Images are to be excluded, and the rest of the data repeated exactly.
*** DATA PROVIDED ***
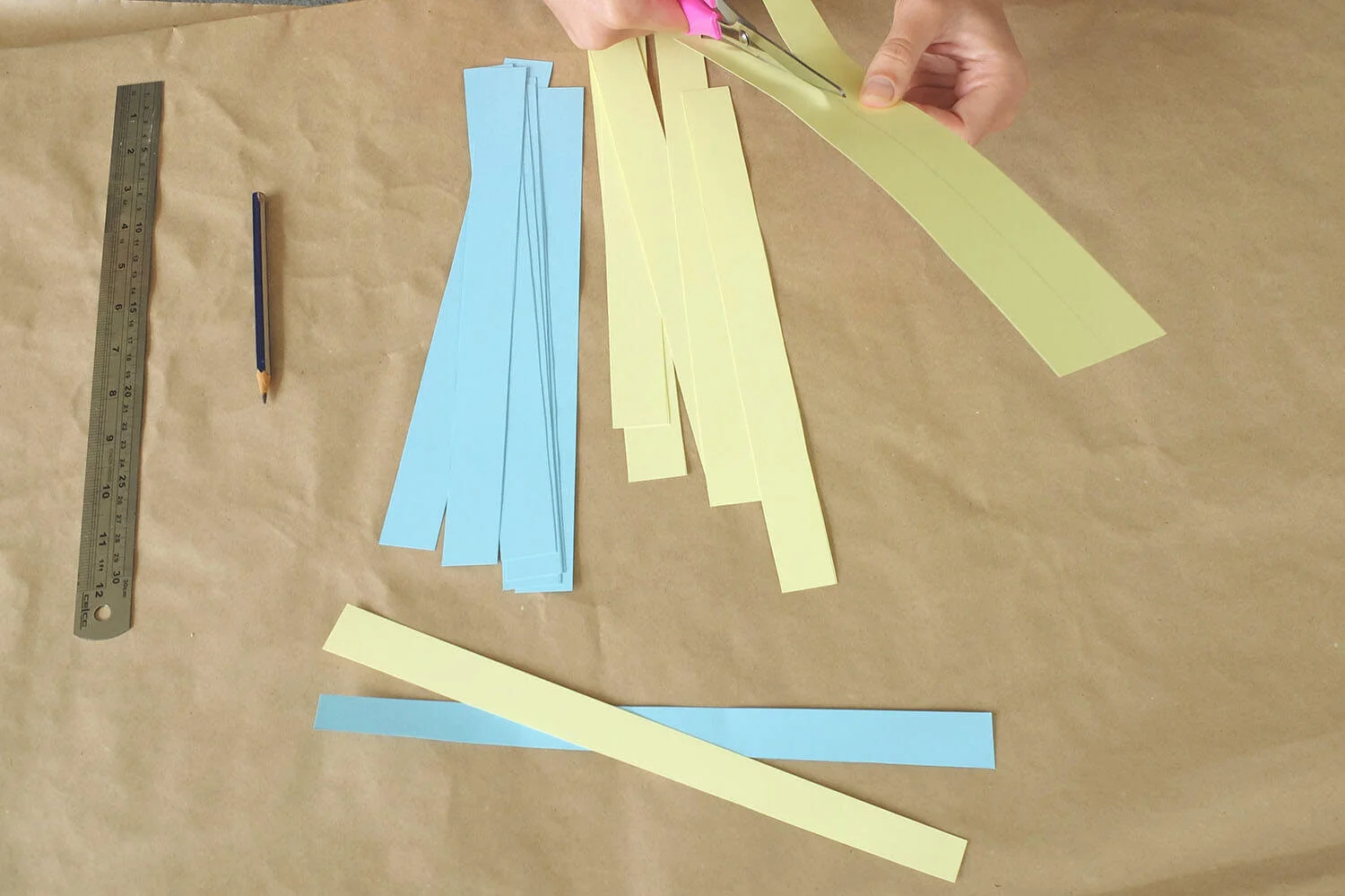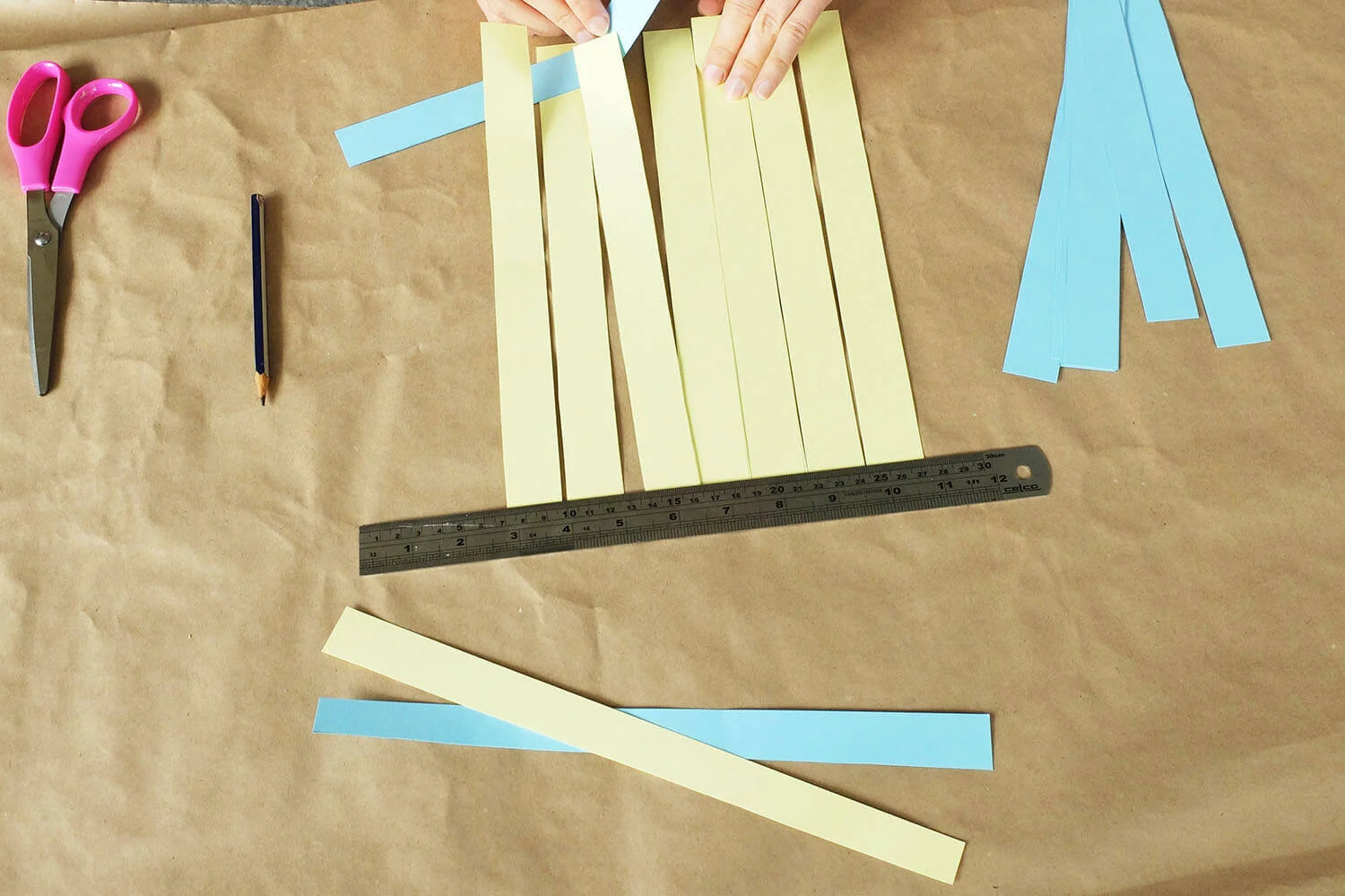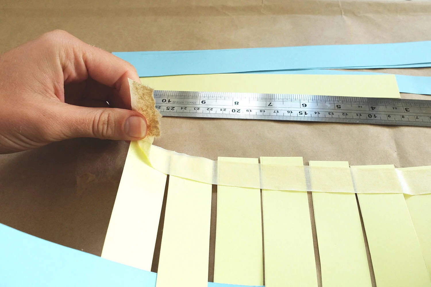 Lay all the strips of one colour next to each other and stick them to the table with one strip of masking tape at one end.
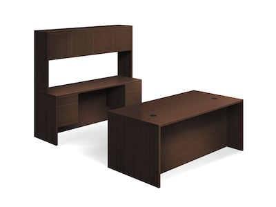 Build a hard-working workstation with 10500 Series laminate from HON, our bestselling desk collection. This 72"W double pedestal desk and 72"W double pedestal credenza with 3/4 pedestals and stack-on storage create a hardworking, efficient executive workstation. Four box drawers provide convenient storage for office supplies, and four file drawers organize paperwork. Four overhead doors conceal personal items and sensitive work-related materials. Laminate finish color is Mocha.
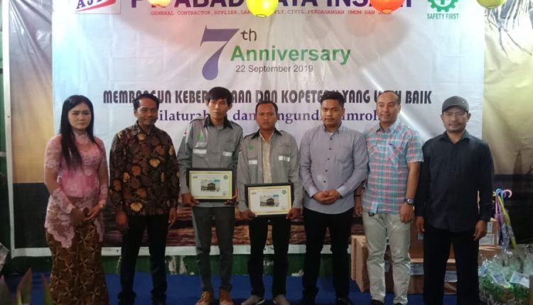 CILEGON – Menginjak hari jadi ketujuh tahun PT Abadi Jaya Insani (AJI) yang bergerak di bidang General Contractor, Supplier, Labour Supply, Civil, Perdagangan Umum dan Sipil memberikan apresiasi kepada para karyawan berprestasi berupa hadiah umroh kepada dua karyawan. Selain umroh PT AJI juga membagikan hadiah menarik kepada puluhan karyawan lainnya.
***
> _TASK OUTPUT_:
 Lay all the strips of one colour next to each other and stick them to the table with one strip of masking tape at one end.
 Build a hard-working workstation with 10500 Series laminate from HON, our bestselling desk collection. This 72"W double pedestal desk and 72"W double pedestal credenza with 3/4 pedestals and stack-on storage create a hardworking, efficient executive workstation. Four box drawers provide convenient storage for office supplies, and four file drawers organize paperwork. Four overhead doors conceal personal items and sensitive work-related materials. Laminate finish color is Mocha.
 CILEGON – Menginjak hari jadi ketujuh tahun PT Abadi Jaya Insani (AJI) yang bergerak di bidang General Contractor, Supplier, Labour Supply, Civil, Perdagangan Umum dan Sipil memberikan apresiasi kepada para karyawan berprestasi berupa hadiah umroh kepada dua karyawan. Selain umroh PT AJI juga membagikan hadiah menarik kepada puluhan karyawan lainnya.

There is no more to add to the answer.